When she was younger, she thought she might try to attack the problem as a lawyer.
“Throughout college, I set myself up with internships and jobs and everything to make myself a great candidate to go to law school and to get into a great law school,” said Rezey, who earned a bachelor’s degree from Villanova University. “But I decided that wasn’t for me. I couldn’t see myself happy in my 30s and 40s as a lawyer.”
Rezey, a native New Yorker, wound up taking a year off after graduation in 2005 and went to Australia while she contemplated alternative career paths.
She decided to study criminology and criminal justice and enrolled in the graduate program at the University of Maryland-College Park, which U.S. News & World Report ranks as the nation’s top program.
It was the hope of working with Lauritsen that prompted Rezey to leave Maryland and come to UMSL – another top-five graduate program – for her doctoral studies.
“I wanted to study victimization,” Rezey said. “I’m a quantitative researcher. Janet is a quantitative researcher. I didn’t have anyone to work with at Maryland in the area of victimization.”
She added: “I think a lot of our PhD students here have very similar stories – that they’re drawn to UMSL because of one faculty member or the whole package. All of our faculty are such great scholars in our field. Thankfully, when I got here, Janet was willing to work with me, and she’s mentored me for the past five years.”
Rezey has worked as a research assistant for Lauritsen, who in turn has served as her advisor and the chair of her dissertation committee.
“She’s a fantastic doctoral student,” Lauritsen said. “She is very hard-working, loves solving problems and data analysis, and she’s a very careful researcher.”
It was Rezey’s idea to delve into the data showing declines in child abuse over the last 20-plus years and her idea to submit her proposal to the Bureau of Justice Statistics so she could be considered for its new fellowship program.

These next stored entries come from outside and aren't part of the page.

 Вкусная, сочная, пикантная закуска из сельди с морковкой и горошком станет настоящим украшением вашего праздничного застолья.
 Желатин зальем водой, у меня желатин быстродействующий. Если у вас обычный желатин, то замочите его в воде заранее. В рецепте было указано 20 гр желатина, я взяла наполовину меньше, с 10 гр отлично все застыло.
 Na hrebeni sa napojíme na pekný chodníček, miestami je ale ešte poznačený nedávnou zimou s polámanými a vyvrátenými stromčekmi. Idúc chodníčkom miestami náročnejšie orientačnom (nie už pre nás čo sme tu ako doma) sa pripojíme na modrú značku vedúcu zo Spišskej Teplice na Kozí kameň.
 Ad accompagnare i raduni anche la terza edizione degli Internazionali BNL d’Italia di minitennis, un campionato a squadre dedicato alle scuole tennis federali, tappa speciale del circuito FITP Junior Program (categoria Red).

“What BJS is especially interested in is one of the first parts of her dissertation, which assesses the validity of those trends over time by comparing them with other data on child victimization that have never been exploited for that purpose,” Lauritsen said. “So she’s going to take a look at other victimization survey data and child homicide data, which are fairly well measured, and make some assessments about whether those trends have declined the way the NCANDS agency data suggests it has, and if it has, whether it has done so for all states in the country. So it’s really important work.”

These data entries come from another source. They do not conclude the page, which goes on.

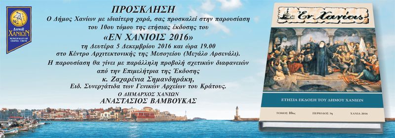 02/12/2016, Παρουσίαση της ετήσιας έκδοσης του Δήμου Χανίων «ΕΝ ΧΑΝΙΟΙΣ 2016» στις 5/12/2016 στο Κ.Α.Μ.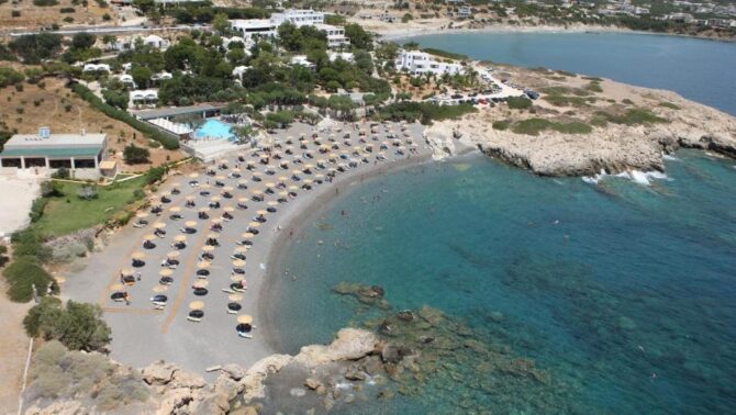 To the west of the village of Ferma is the picturesque bay of Kakkos. Here on the southern coast of the island, 10.2 km from Ierapetra, there is a large hotel complex Kakkos Bay. The first buildings of the hotel appeared in this place in 1988 In 2016, the last reconstruction of the hotel was completed.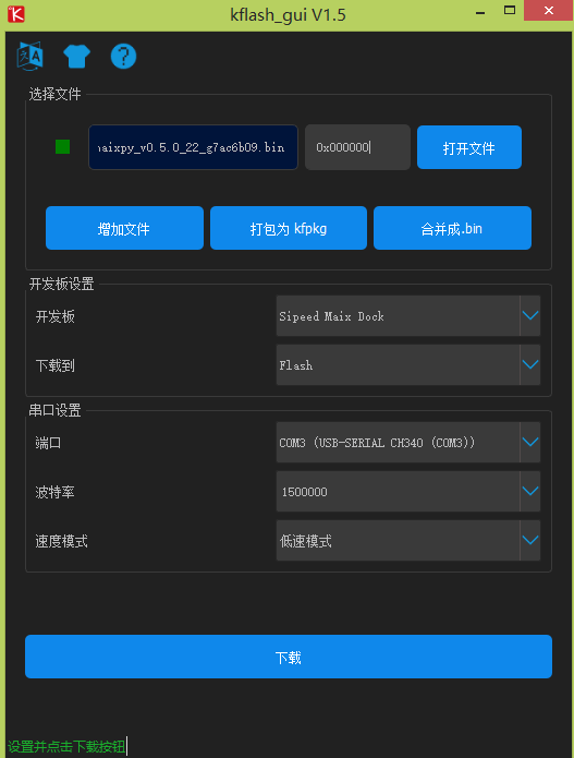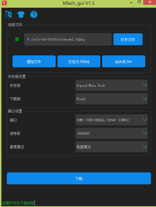 选择【打包为kfpkg】,将kmodel文件与Maixpy文件打包为kfpkg文件,之后再加载该文件,烧入flash

Rezey is also testing some hypotheses proposed by criminologists that aim to get at some root causes for the declines.
One such hypothesis has been proposed by University of New Hampshire victimization scholar David Finkelhor. He suggests the increased use of medications for the purpose of treating attention deficit hyperactivity disorder in children and depression or anxiety in adults together has calmed environments that might otherwise be combative and lead to instances of abuse.
“It sounds like it makes sense. It sounds like it could be the case. But is it really the case?” Rezey said. “This is a hypothesis that has not yet been tested.”
There are at least a half a dozen others.
Rezey is still in the middle of her analysis and not ready to draw any conclusions, but she is scheduled to present her findings at the American Society of Criminology conference in November in New Orleans.
She’s hoping to wrap up her dissertation by March and graduate in May. There will be other reports she will have to complete after that as part of the fellowship, and she will travel to Washington, D.C., next summer to present her findings to BJS.
Rezey would like to have her next career step figured out by then.
“I’m actually on the job market right now,” she said. “I’m hoping to have a tenure track assistant professor position in a criminology/criminal justice program somewhere, ideally back east where I’m from. I ultimately want to continue to have the opportunity to teach and do research and hopefully be as successful as those in this department are. That’s my goal. We’ll see how long it takes to get there.”